What is, perhaps, historically different is that we won’t be able to gather in the Community Room of B’nai Israel Jewish Center as our community has done since the building was built in 1925. This year we will be looking at faces across small screens and hearing the service piped through the speakers of our computers, tablets, or phones. Recognizing that gathering that way and making the virtual world our sacred space comes with its challenges, services will be much shorter and some or many of the familiar elements will be absent. I would invite you to please join us on time, if possible, following the schedule available through the other emails. The link for the service will work for all of the services listed, including the Family Services. I will be joined by Fredi Bloom, Jef Labes, and Diana Faraone in creating what we hope will be a meaningful experience for you.

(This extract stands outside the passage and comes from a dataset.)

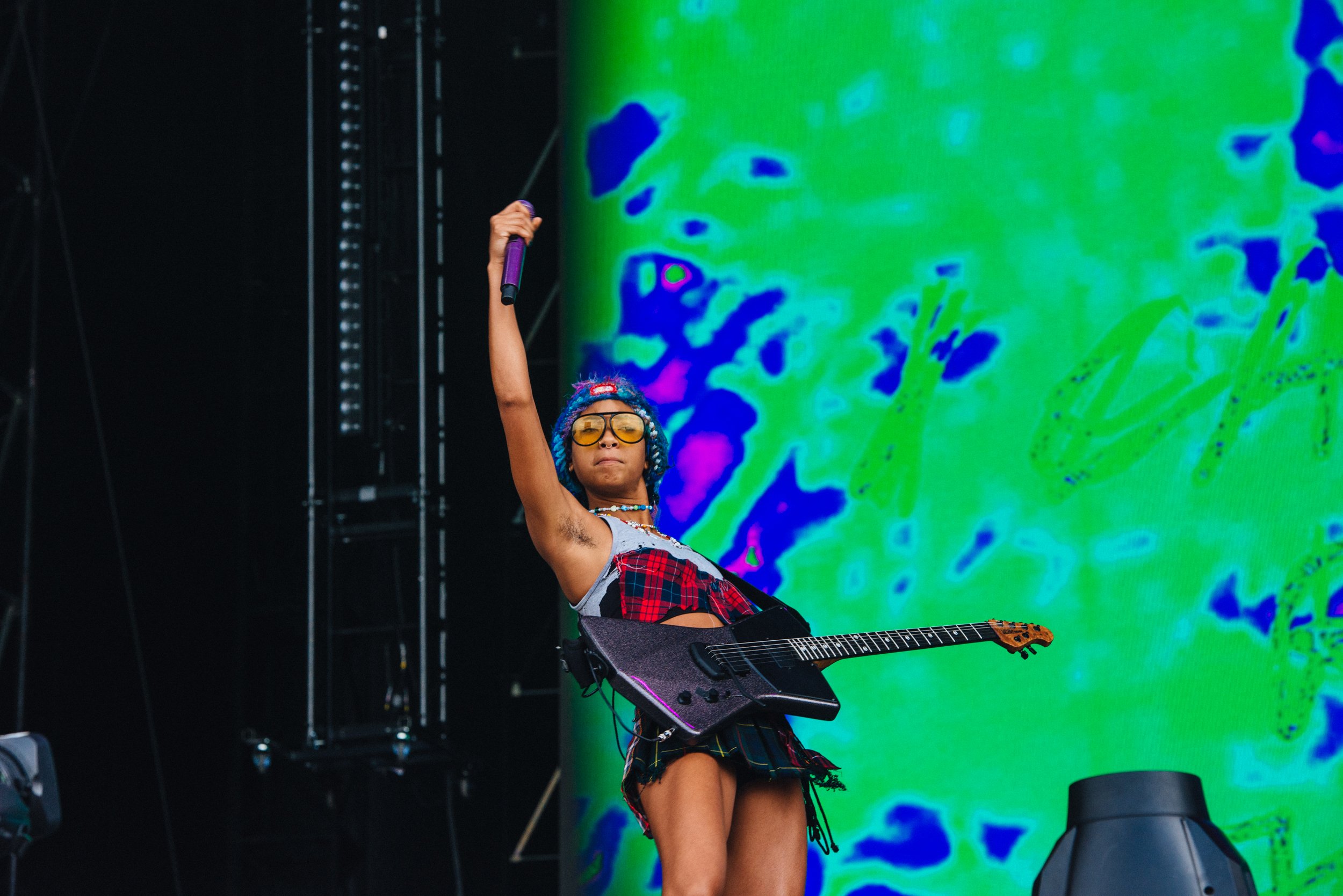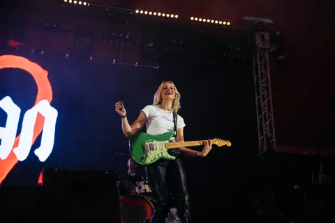 After wrapping up a tour, she notes that it’s nice to be playing outside instead of in closed venues, and says this is how music should be. With a refreshing rock star attitude, she calls for positive affirmations from the crowd rather than mosh pits between tracks from last year’s emotionally honest ‘How I’m Feeling Now’.

Given all that is happening in our world right now, it is so important that we strengthen ourselves by each other’s presence for the holidays. This will be a profound opportunity to pause from the daily confronting of challenges and search inside ourselves for the resilience that permeates Jewish teachings as we face the world.

While the themes of repentance and renewal permeate the liturgy particularly on Yom Kippur, those ideas, if brought into our lives, open our hearts and minds to add kindness, caring, and compassion into life. It is through those vehicles that, I believe, internal strengths are found.

Last year, on Yom Kippur, we bound ourselves together using a long string as community connected to Torah. That connection does not need to go away because we are separated into the safety of our homes. Please join us and help make these holidays not only different, but memorable as a source of strength.

May this be a year of health, safety, resilience, prosperity,…a year of deeply breathing fresh, life sustaining, clean air.